The announcement that former President Donald Trump plans to visit India signals a recalibration of a bilateral relationship that has been fraught with tariff disputes and diplomatic friction. For the defence and security community, this is not a handshake moment. It is a vector analysis of intent, timing, and leverage.
First, the strategic context. The United States and India have been locked in a dance of strategic convergence and economic divergence. Washington views New Delhi as a critical counterweight to Beijing’s expansionism. India, meanwhile, has pursued a multi-alignment policy, maintaining defence ties with Russia while deepening its partnership with the Quad. Trump’s visit, if it materialises, must be read as an attempt to harden India’s posture against China before the next US election cycle. The threat vector here is Chinese overreach in the South China Sea and the Indian Ocean Region. The visit would aim to accelerate intelligence sharing, naval logistics, and possibly a mini-lateral defence framework.

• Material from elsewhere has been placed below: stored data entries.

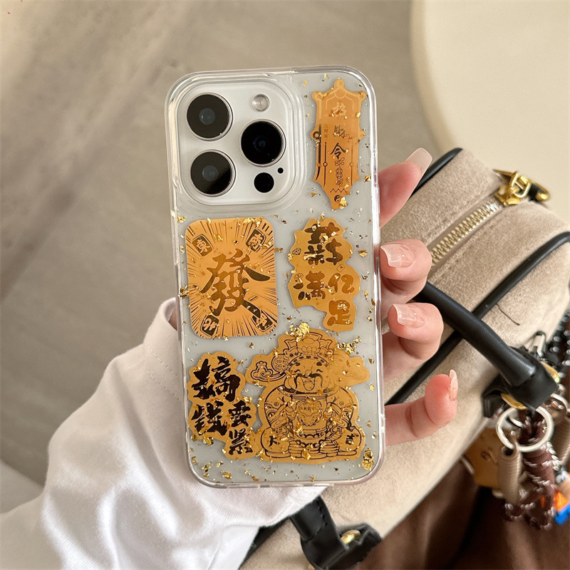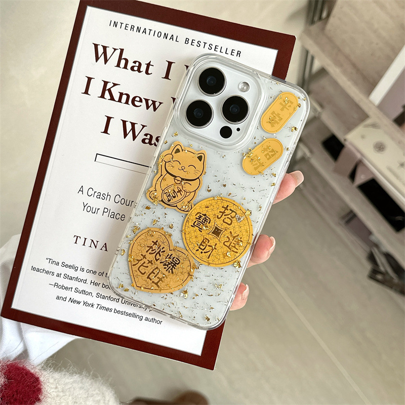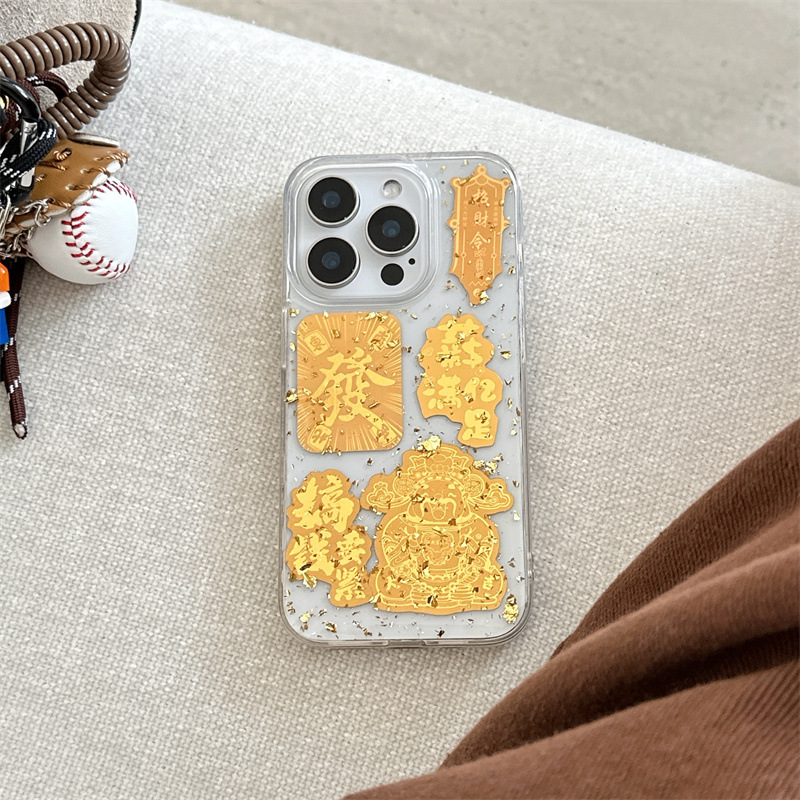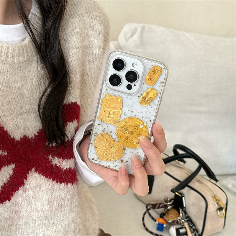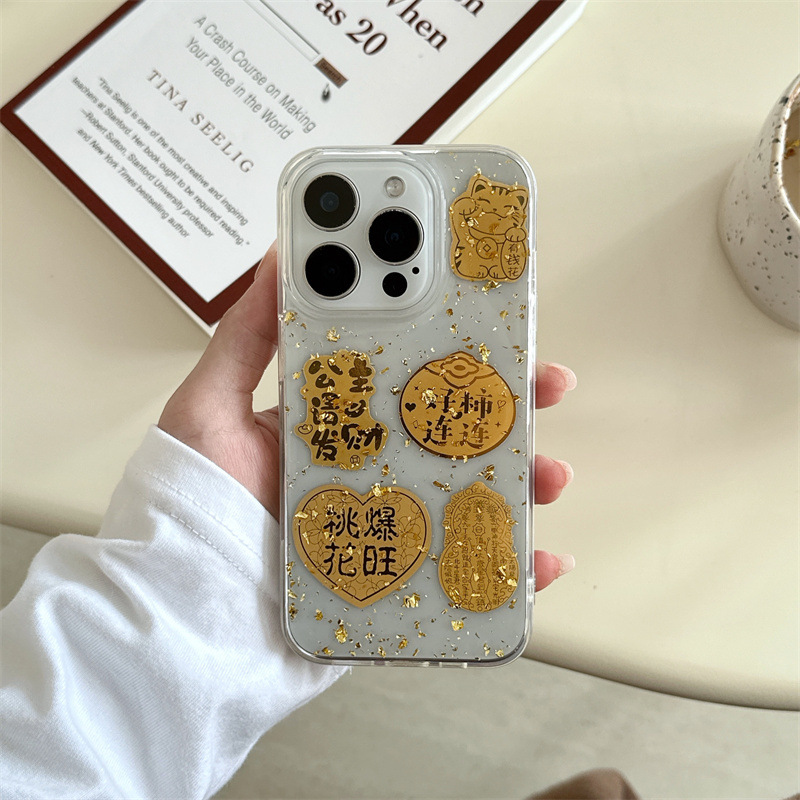 El epoxi transparente estilo ins Lucky Jinbao es adecuado para Apple 16proma festivo iPhone14/15 funda para teléfono móvil 13p
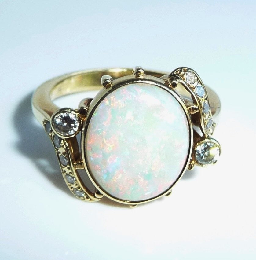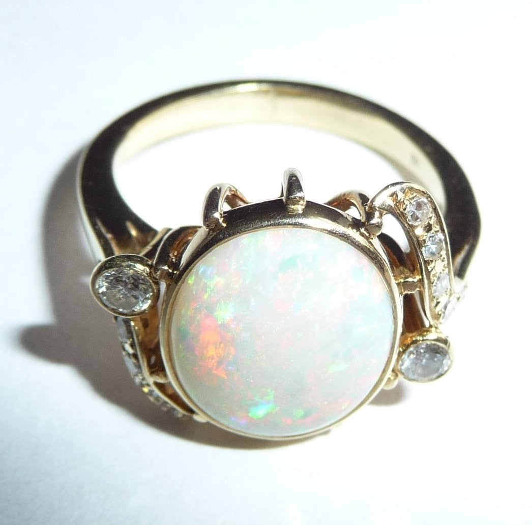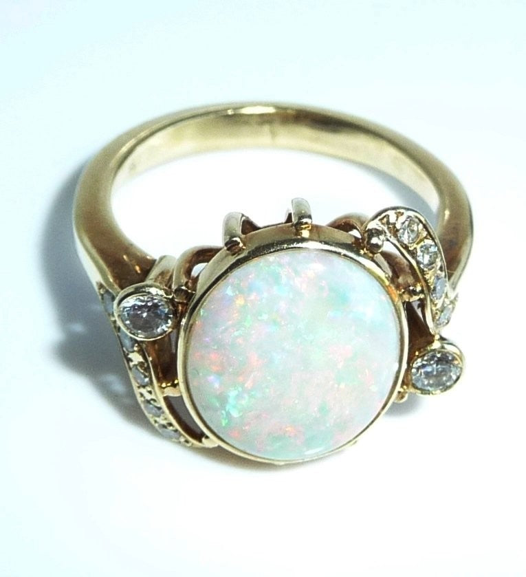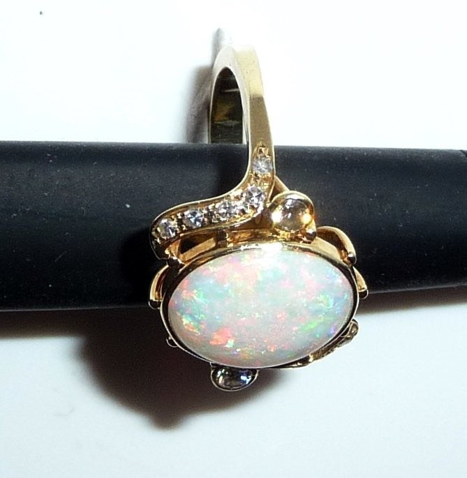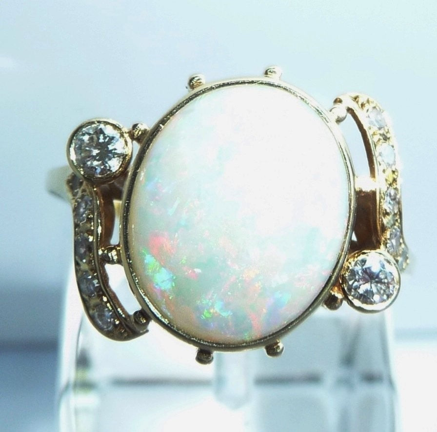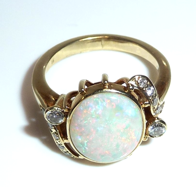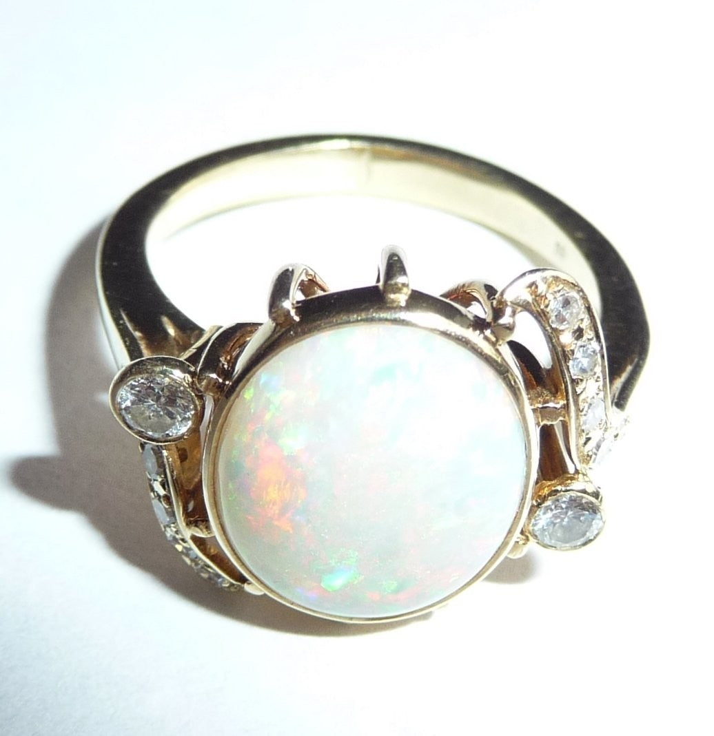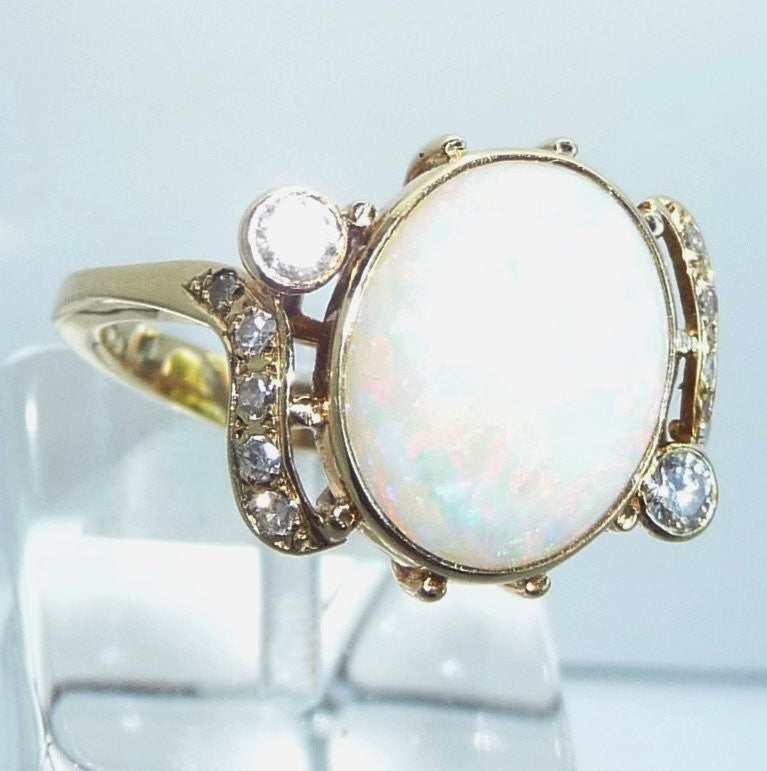Ring in 14 Kt. / 585 Gelbgold. Der Ring hat einen ovalen Australischen Opal im Cabochon-Schliff von ca. 2.50 ct. eingefasst. Der Milchopal zeigt bei Bewegung sehr viele Farben, die auf den starren Fotos nicht sehr gut eingefangen werden können. Neben grün, blau, gelb und lila machen sich auch viele Flashes in dem seltenen Rot bemerkbar.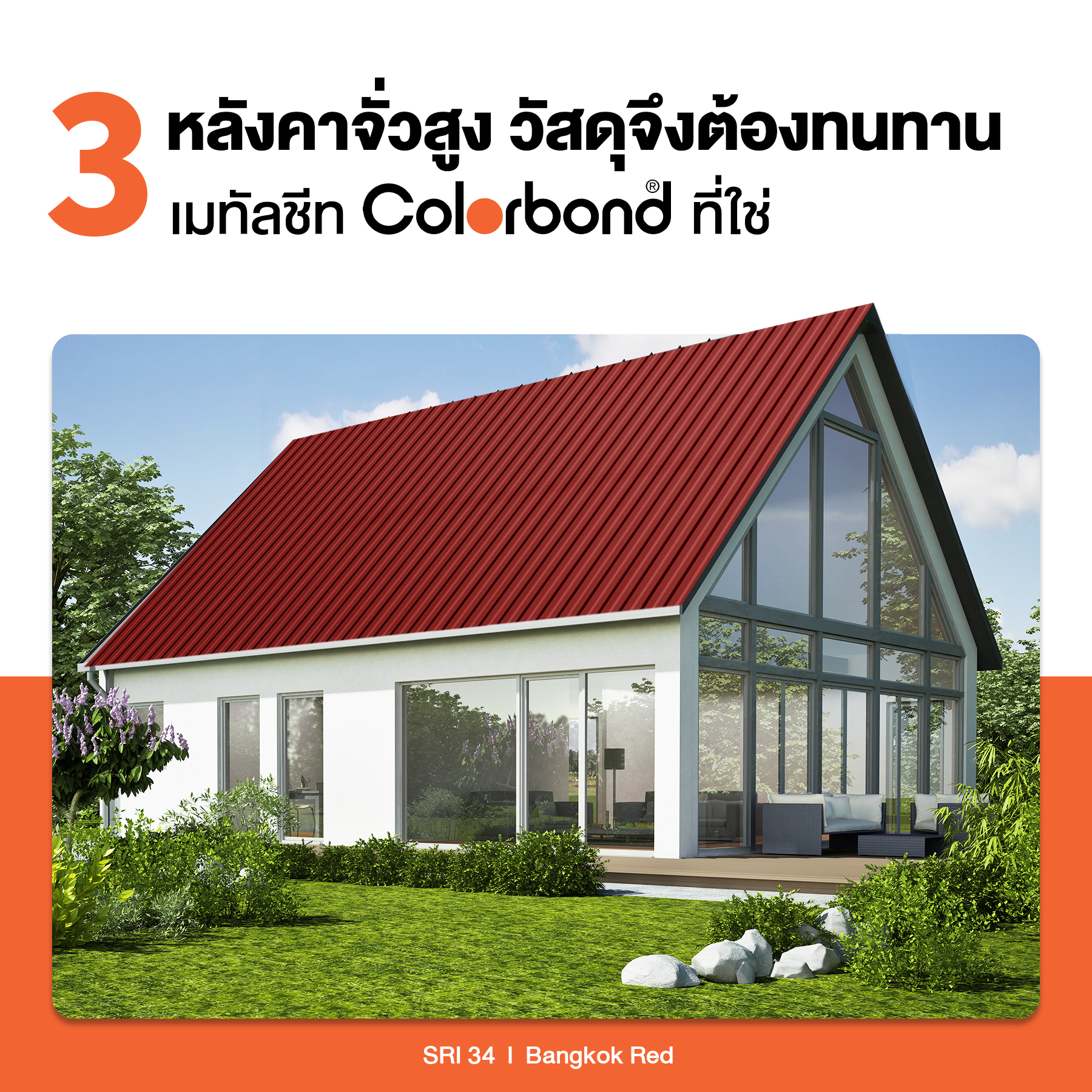 COLORBOND® steel roofing & walling เมทัลชีทพรีเมี่ยมที่ถูกเลือกใช้ให้เป็นวัสดุสำหรับหลังคาและผนังสำหรับอาคารชั้นนำ และยังเป็นวัสดุที่เป็นที่ชื่นชอบในหมู่สถาปนิกชั้นแนวหน้า ในการเลือกใช้เป็นวัสดุสำหรับการสร้างอาคารและที่พักอาศัยเพราะ เป็นวัสดุที่แข็งแรง ทนทาน สามารถใช้ได้ กับสภาวะแวดล้อมที่รุนแรง นอกจากนั้นเมทัลชีท Colorbond® ยังถูกนำไปใช้สำหรับการสร้างสรรค์จินตนาการ ในงานที่ต้องการความโค้งมน และสง่างาม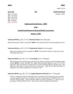 Supplemental Specifications (400SS) of the Standard Specifications for Road and Bridge Construction, January 1, 2021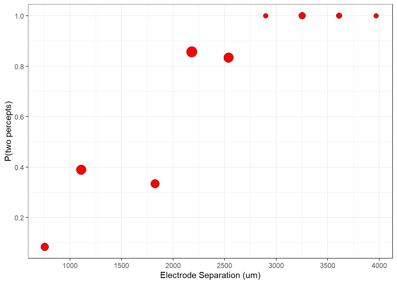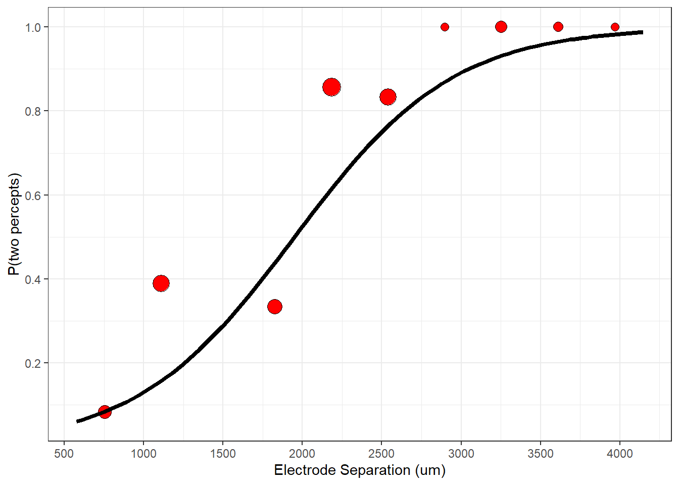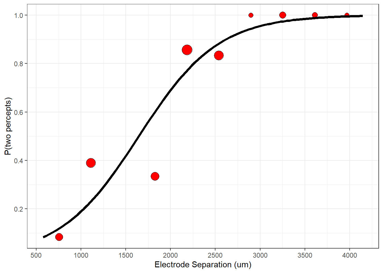 labs(x = 'Electrode Separation (um)',y='P(two percepts)') +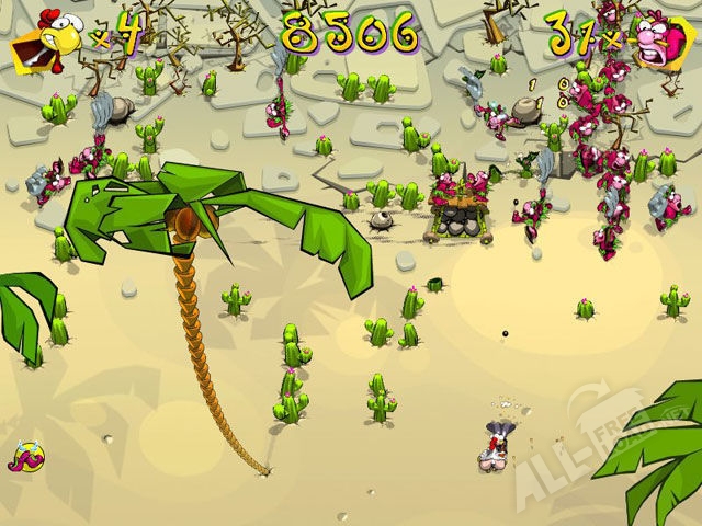 В основе игрового приложения Куриная месть. Первая разборка скачать которое можно бесплатно, лежит история о курице. Животное отправилось на необитаемый остров, чтобы спрятаться от голодных туземцев, которые охотятся за потенциальным обедом. В распоряжении пользователя, который играет в приложение, находится различное оборудование: ружье, пулемет, ракетница. Оружие помогает игроку устранить опасность в виде туземцев и очистить себе ход. Уничтожая врагов, пользователь получает возможность зарабатывать монеты, за которые можно приобретать новое оборудование и улучшать ружье, пулемет и ракетницу. На протяжении боя курица получает дополнительные бонусы, которые позволяют улучшить защищенность от туземцев, траекторию полета пуль и проложить путь через тропические заросли. На месте уничтожения каждого воина вырастает пальмовое дерево, за которым могут прятаться другие воины, но попадание в пальму приносит игроку дополнительные монеты и очки.

But the frosty relationship thaw is not a given. Modi’s government has been recalcitrant on trade, with retaliatory tariffs on American almonds and Harley-Davidsons. More critically, India’s decision to purchase Russian S-400 air defence systems triggered US sanctions under CAATSA. A Trump visit would require waivers or a creative workaround. The military readiness angle is clear: if India cannot interoperate with US hardware due to Russian systems, the alliance is hollow.
Then there is the timing. The visit comes as the US withdraws from Afghanistan, a move that India views with alarm. New Delhi fears a Taliban resurgence that could arm proxy groups in Kashmir. Trump’s stated focus on ending “forever wars” might conflict with Modi’s security priorities. The intelligence failure could be if the US promises intelligence sharing on terrorist networks but fails to deliver actionable data on Hafiz Saeed or Jaish-e-Mohammed. The thaw must translate into tactical cooperation on the ground, not just photo ops.
Logistically, a Trump visit places immense strain on security apparatus. The Delhi police and the SPG will be on high alert for lone-wolf attacks. The cyber warfare dimension cannot be ignored. State actors or non-state sympathisers may attempt to disrupt the visit via deepfakes or disinformation campaigns targeting the optics of the summit. The Indian cyber command must harden critical infrastructure around the venue. A single breach could unravel the goodwill.
Finally, the big picture. This visit is a chess move in the great power competition. If successful, it locks India into a tighter orbit around the United States, potentially destabilising the Russia-India-China triangle. If it fails, it exposes the fragility of the US-India strategic partnership. The threat vector is not just China; it is the gap between rhetoric and reality. The next move from Beijing will be to test this thaw with a provocation on the Line of Actual Control or in the Pakistan-China Economic Corridor. The responsibility on Delhi and Washington is to ensure their hardware, logistics, and intelligence are ready for that eventuality.
The frosty relationship is thawing, but in geopolitics, a thaw can also signal a landslide. We must watch this space not with optimism but with operational vigilance.